Die Parteiorganisation ist nach dem Prinzip des demokratischen Zentralismus aufgebaut. Ein einheitliches Statut. Leitung durch ein zentrales Führungsorgan, einheitliche Disziplin, Unterordnung der Minderheit unter die Mehrheit, der unteren Organisationen unter die höheren sind unabdingbare Garanten ihrer Kampfkraft.

Die revolutionäre Arbeiterpartei ist unlösbar mit den Massen der Arbeiterklasse verbunden und zwar gerade auf der Basis ihrer zentralisierten und disziplinierten Organisation: „… je stärker unsere Parteiorganisationen sein werden, denen wirkliche [revolutionäre] Sozialdemokraten angehören, je weniger Wankelmütigkeit und Unbeständigkeit es innerhalb der Partei geben wird, um so breiter, vielseitiger, reicher und fruchtbarer wird der Einfluss der Partei auf die sie umgebenden, von ihr geleiteten Elemente der Arbeitermassen sein.“ [12/141]«

[Eine modifizierte Übernahme.]

Anmerkungen

1/130 W. I. Lenin, Ein Schritt vorwärts, zwei Schritte zurück, in: Werke, Bd. 7, Berlin 1966, S. 416f.

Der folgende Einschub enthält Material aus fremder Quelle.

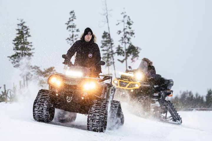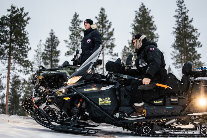 スノーモービルで北極のトレイルを進み、ガラスのイグルーでランチを楽しもう
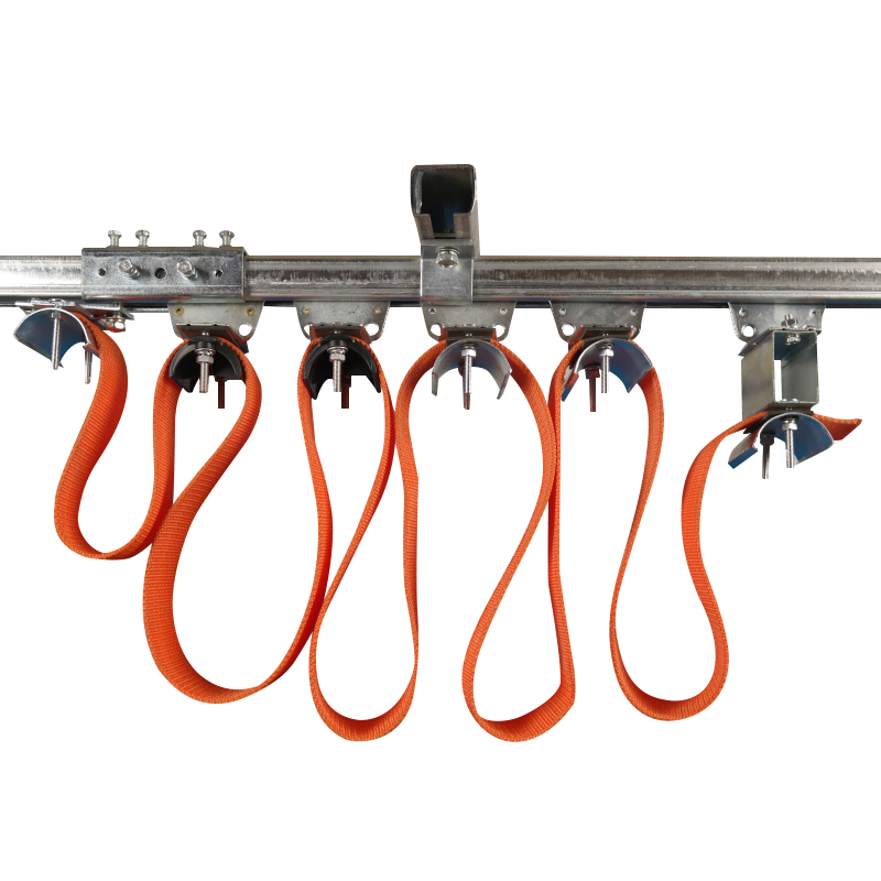 该产品的工作原理见工程应用图示(1)扁平电缆的始端(接现场接线盒)固定于导轧的始端固定器上,再根据现场允许运行的空间,间隔适当的长度(1-2.5mm)依次固定在携带电缆的四轮台车上,电缆未端(接用电源)因定在*后一个小车(牵引车)上。通过拔车上的弹簧拔小车往复移动,通过电缆的拖拽(长度如超过20m应考虑原用牵引绳,使电缆免受拉力)作用,带动所有的小车在轧道中任意速度自由滑动,导轨安装简便,无需调试,且无触点接触供电等优点,**可靠。
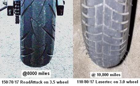 Now possibly the best of both worlds, the new Conti Road Attacks.  Conti's claim:  "giving the performance of a sports tyre and the mileage of a touring tyre."  I'm trying a Road Attack rear with a Lasertec front, my favorite front tire.  With over 2k miles on them so far I can confirm Conti's handling claim.  I find myself cornering faster now with the Laser/Attacks than I did with the sport touring radials or the pair of matching Lasertecs and doing so with ease and confidence.  I really don't expect the Road Attack rear to last the 13-14k miles the Avon and Metz sport touring radials did, but if they go the 10k miles at least that the Lasertecs did they will remain my first choice.  Final report next year on these.
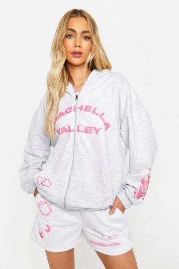 BOOHOO Coachella Valley Multi Print Zip Through Hooded Tracksuit
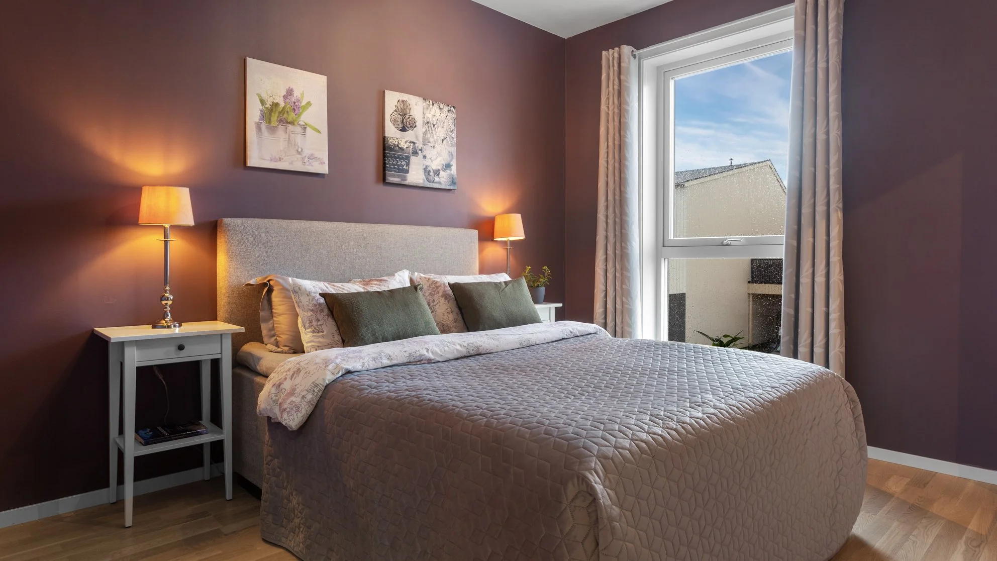 Pynt med stearinlys, planter, en bok på nattordet eller lignende.
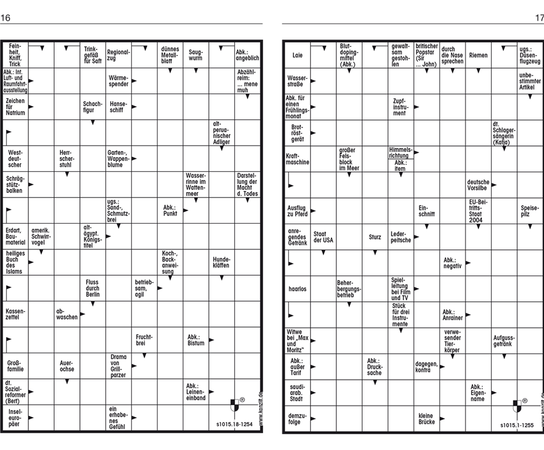 Zahl einfügen neue Kreuzworträtsel lassen keine Zeit für Langeweile. Wer sie löst schult Geist und Verstand, bestätigt und ergänzt auf unterhaltsame Weise Wissen und Kombinationsvermögen. Ob allein oder in Gesellschaft, ob daheim oder unterwegs - Rätselfreunde werden begeistert sein.
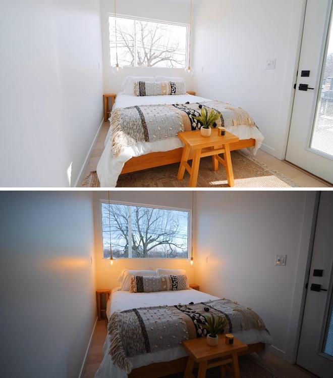 通过白色扶手的木楼梯,通向了私人卧室和卫生间的区域。一个超大的落地窗可以看到窗外的美景,同时它的高度也保证了卧室内的隐私性。同样卧室内的并没有太多复杂的设计,凯发app手机版下载一张床几乎占据了大半个空间,所以太多的设计反而是一种鸡肋。
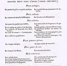 - Marie-Antoine Carême, Le maître-d'hôtel français: traité des menus à servir à Paris, à St.-Pétersbourg, à Londres et à Vienne, J. Renouard, (lire en ligne), p. 151
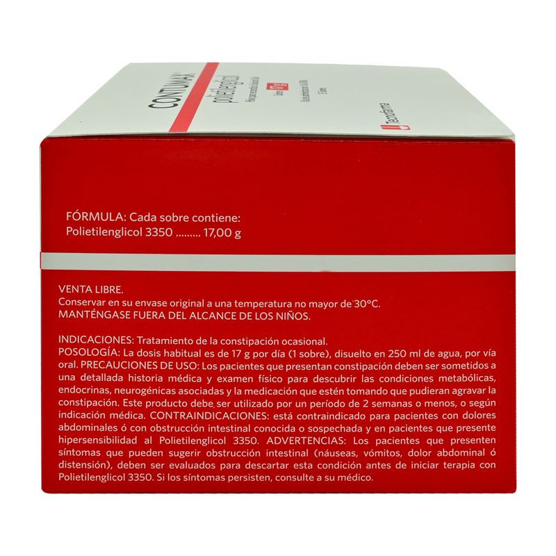 𝗗𝗢𝗦𝗜𝗙𝗜𝗖𝗔𝗖𝗜𝗢𝗡: Adultos: Un sobre diario. La dosis usual es de 17 g por día, para lo que el sobre que contiene el medicamento debe ser disuelto en 250 ml de agua. Para asegurar que produzca el efecto terapéutico deseado se recomienda la ingestión rápida de la solución, preferentemente por la mañana.
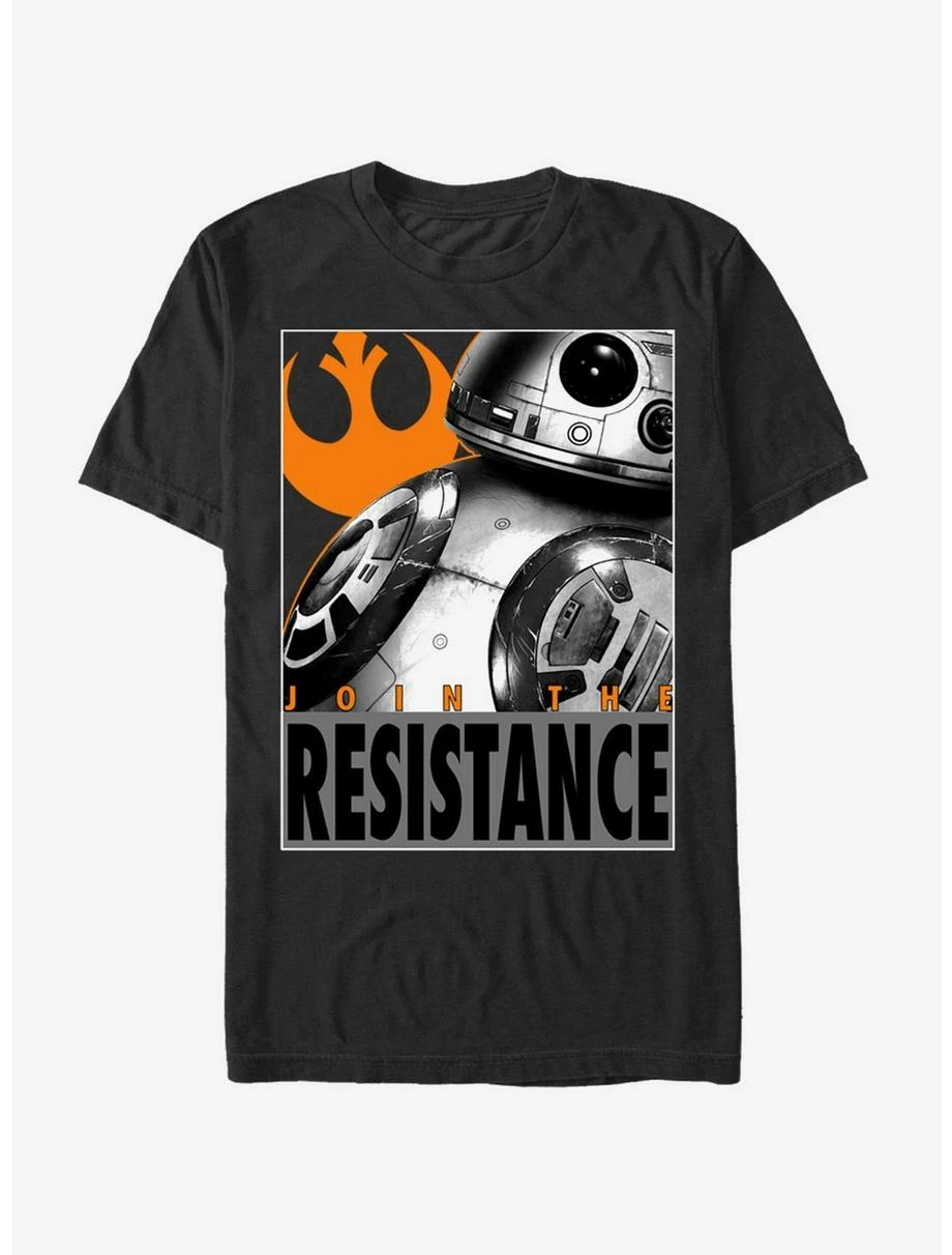 Join Rey, Finn, and Poe on their quest to defeat the First Order with the Star Wars BB-8 Join the Resistance Black T-Shirt! BB-8 and the Resistance emblem are printed above bold letters that read “Join the Resistance” on the front of this cool black BB-8 shirt. 100% Cotton.
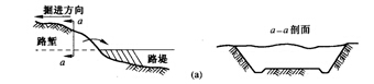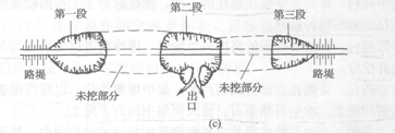 (3)分段纵挖法:该法适用于过长,弃土运距过远,一侧堑壁较薄的傍山路堑开挖。
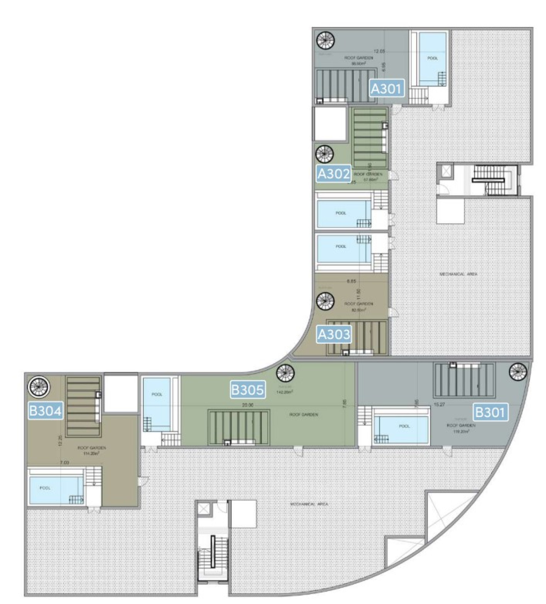 | Площадь сада на крыше | 142.20 m2 |
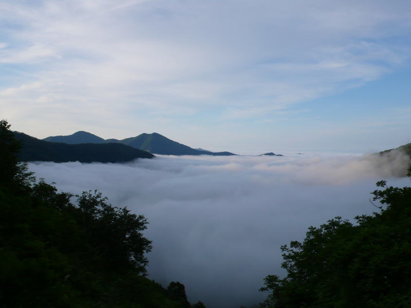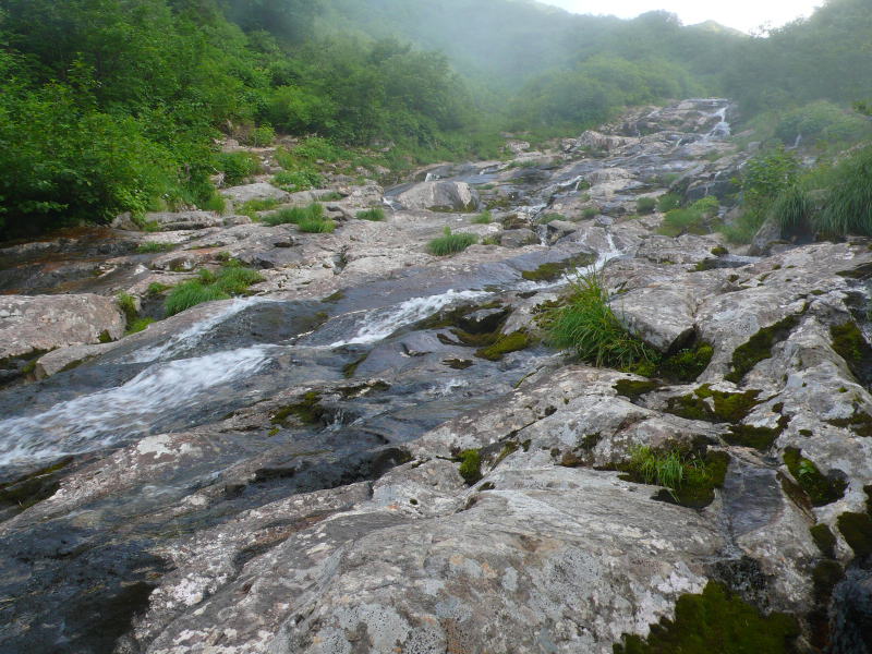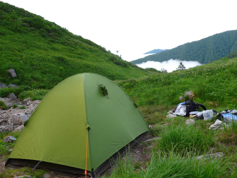 もう午後4時だというのに、ようやく997mの出合に届いたばかりだ。巨石を乗り越えながら長い滑滝の下部に着く。今年は雪渓は残っていない。トカチフウロやヨツバシオガマ、ヒダカアザミの群落に見送られながら滑滝の左岸を登る。この滑滝は2〜300m続くが、慎重に登れば難しいところはない。約30分後の午後6時20分、ようやく北東カールを望むことができるお花畑に着く。カールの雪渓はほとんど残っておらず、ヒグマの気配もないが、先行者もいない。静寂のカールから振り返れば、雲海がすっかり十勝平野を覆っている。気温は12度。明日の札内岳JPへの登路を確認する。これを怠って明朝、ガスにでも巻かれればやっかいだ。午後8時には爆睡!
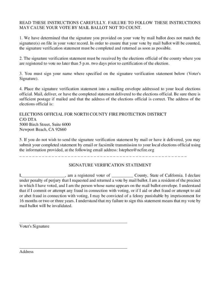 READ THESE INSTRUCTIONS CAREFULLY. FAILURE TO FOLLOW THESE INSTRUCTIONS MAY CAUSE YOUR VOTE BY MAIL BALLOT NOT TO COUNT. 1. We have determined that the signature you provided on your vote by mail

2/131 Vgl. ebenda, S. 200f.

3/132 Ebenda, S. 419f.

4/133 Ebenda, S. 266f.

5/134 Ebenda, S. 408.

6/135 Ebenda, S. 409.

7/136 Ebenda, S. 367.

8/137 Ebenda.

9/138 Ebenda, S. 395f.

10/139 Ebenda, S. 370.

11/140 Ebenda, S. 398f.

12/141 Ebenda, S. 257. »Vgl. zu den wichtigsten Ergebnissen der Leninschen Kritik am Opportunismus in Organisationsfragen auch: Geschichte der KPdSU, Berlin 1971, S. 78ff.«

Quelle: Philosophie der Revolution. VEB Deutscher Verlag der Wissenschaften, Berlin 1975. Studie zur Herausbildung der marxistisch-leninistischen Theorie der Revolution als materialistisch-dialektischer Entwicklungstheorie und zur Kritik gegenrevolutionärer Ideologien der Gegenwart. Autor: Otto Finger. Vgl. 7. 13. Lenins Kritik des Opportunismus und Anarchismus in der Arbeit „Ein Schritt vorwärts, zwei Schritte zurück“, in: 7. Kapitel: Zur Herausbildung der Leninschen Etappe der materialistisch-dialektischen Revolutionstheorie.